The new version of the game – Evercore Heroes: Ascension – launches into Steam Early Access today, June 24. It’s now been completely reimagined as a roguelite with procedurally generated missions. Gone are the four teams of four: instead, the missions can be tackled cooperatively by up to three players, but they can also be played solo.
Evercore Heroes: Ascension now features a maximum team size of three
“It’s not the same game at all,” says George. “It’s a second game.” Although set in the same universe, it takes a very different approach. “What we really wanted to do was […] to go back to that core guiding principle of building a game that you can just have fun with people on,” he says.
The downside is that this reimagining has been a hard sell for some dedicated fans of the original. “Not everybody wants the second game, because they wanted the first.”
Keep it simple
In hindsight, George recognises that the original concept for Evercore Heroes was far too complicated. “That complication led to a lot of barriers to entry for people.”
He wishes Vela had started out with something much simpler in the first place. “I think it’s okay to start small,” he says. “Reflecting on the last eight years at Vela, trying to go big on everything is just so hard.”

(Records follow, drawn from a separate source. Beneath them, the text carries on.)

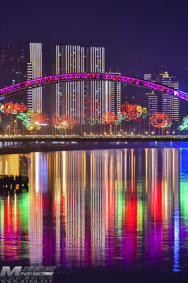 璀璨的城市夜景(綿陽(yáng)日?qǐng)?bào)社融媒體記者王勇攝)
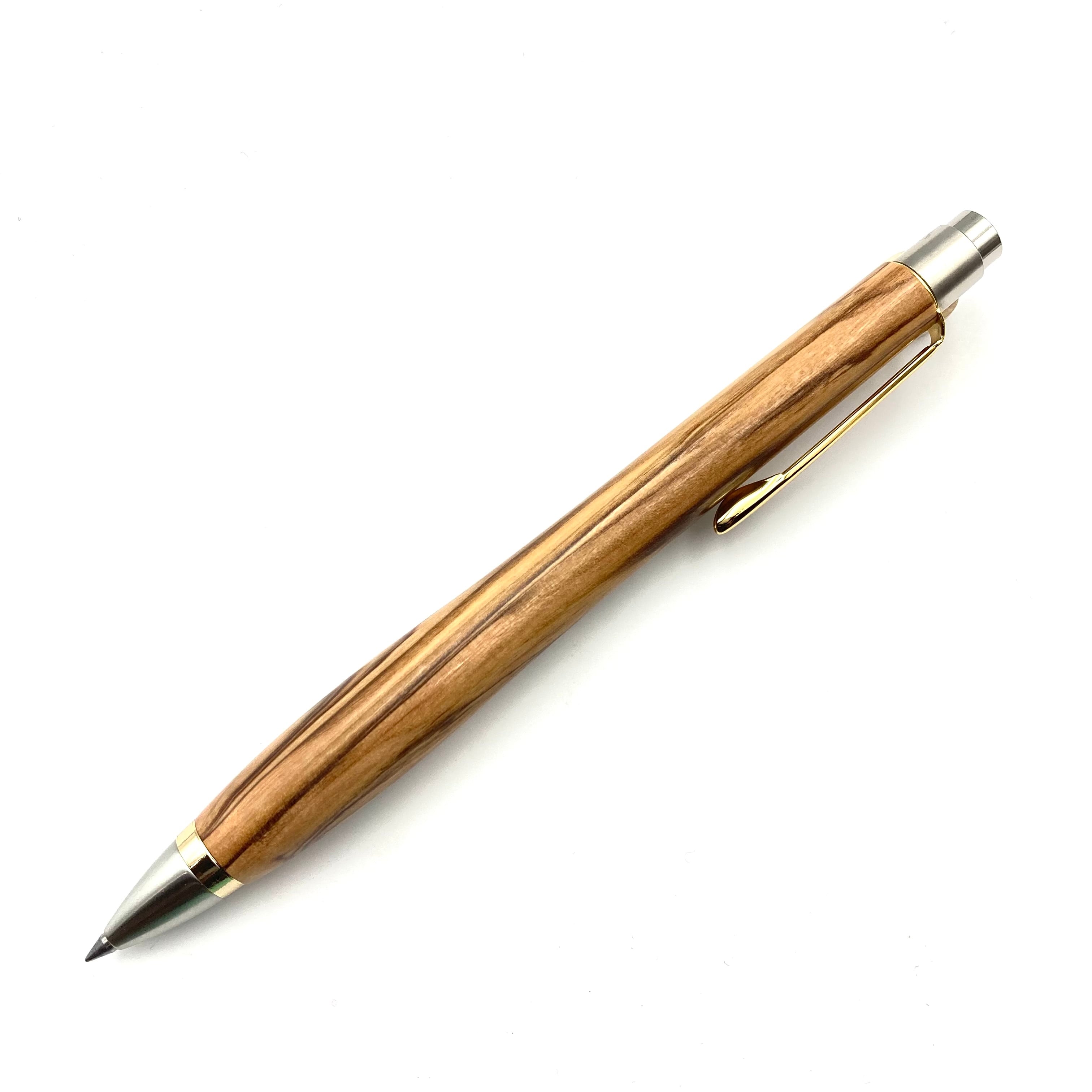 ボールペンのノックシステムは、ドイツ最高のクリックメカニズムを採用してあります。このメカニズムはユニークな機構のため、クリックしたときのカチカチ音が静かで、どんな場所でも気兼ねなく使うことができます。滑らかに動くこのプッシュ感覚を一度味わうと他には戻れなくなってしまうほどの魅力があります。 100分の1単位の加工精度で削り出されたペン先は、軸ブレも全くありません。
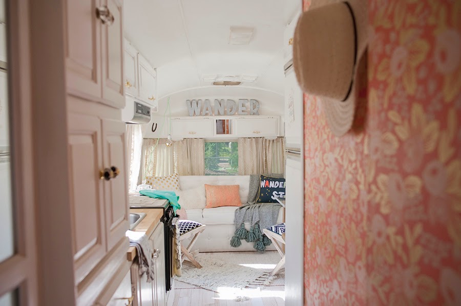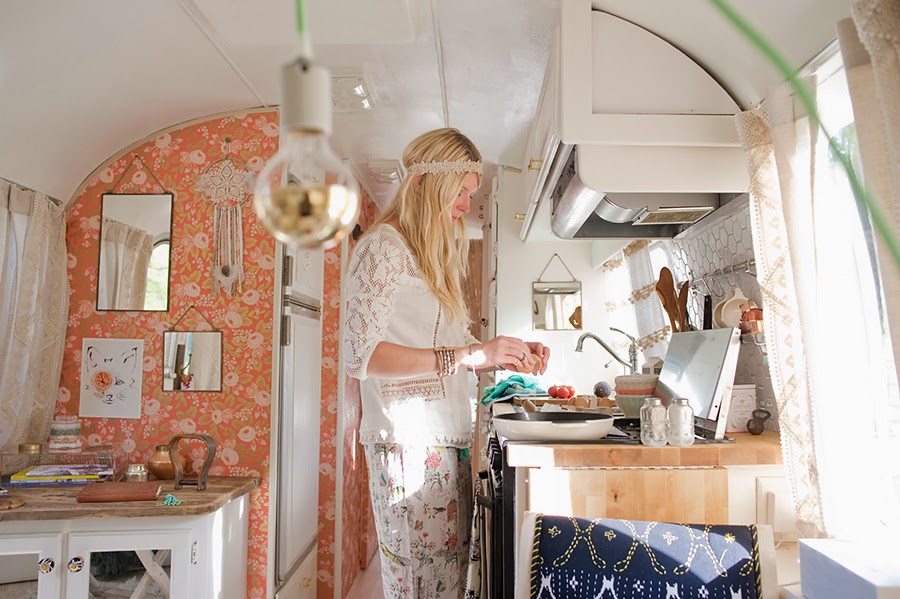 He de reconocer que para esta temporada estival y en primavera también, siento debilidad por las caravanas y el mundo de los viajes "on the road". Siempre que encuentro una vivienda de este tipo os la muestro y hoy quiero descubriros la vida en esta casa rodante de la mano de su dueña Sarah Schneider, una apasionada del arte, del diseño y de renovar cosas, y que se lanzó a restaurar (con ayuda de su marido), esta estupenda autocaravana en origen vieja y oxidada. Una airstream con todo lo necesario y ese aire tan bohemio tan característico de las "casas" de este tipo. Con todas las paredes de blanco para crear sensación de luminosidad y amplitud, una de las zonas rompe con esta gama con un papel vintage en tonos coral, a juego con la tarima de madera en tonos claros, para crear sensación de calidez. Arregló las cortinas y diseñó una nueva cocina abierta, instalando una zona de estar con un sofá-cama decorado con textiles de diferentes texturas, estampados y creo una vivienda con todo lo necesario para el día a día.

Now, with a smaller team and a more manageable concept, he can see a way forward. “Evercore Heroes: Ascension doesn’t need to sell 5 million copies in the first 12 months to be profitable, right? For what we’ve spent on the game and what we expect of it, we look at it as an opportunity to rebuild, finding that core audience.”
The new incarnation of Evercore Heroes takes a simpler approach than the original
‘Start small, grow gradually’ is the new ethos. It aligns with the current prevailing trend for sustainability in the games industry, following the ‘go big or go home’ largesse of the pre-2022 years.
George cautions other developers against rushing. “I think you shouldn’t even go near releasing the game until you’re confident that it’s great,” he says.
“Launching something that’s dead on arrival really just means the end”
Travis George, Vela Games
“Make sure you’ve got something that players want before you go through those phases. […] Because launching something that’s dead on arrival really just means the end.” He suggests taking time to assess the addressable market, then finding an audience and building towards it. “That’s a much more appealing proposition than ‘Go big with something that we’re not sure is going to work out’.”
He speaks from bitter experience: and he’s aware that Vela, or rather the remnants of it, is in a lucky position. “Despite the hardships and difficulty and everything that we’ve had to go through, we at least have a second chance – whereas a lot of developers don’t.”
“My advice for anybody is just make sure you’ve got something that people want before you progress through that. It’s never too late to decide to not launch.”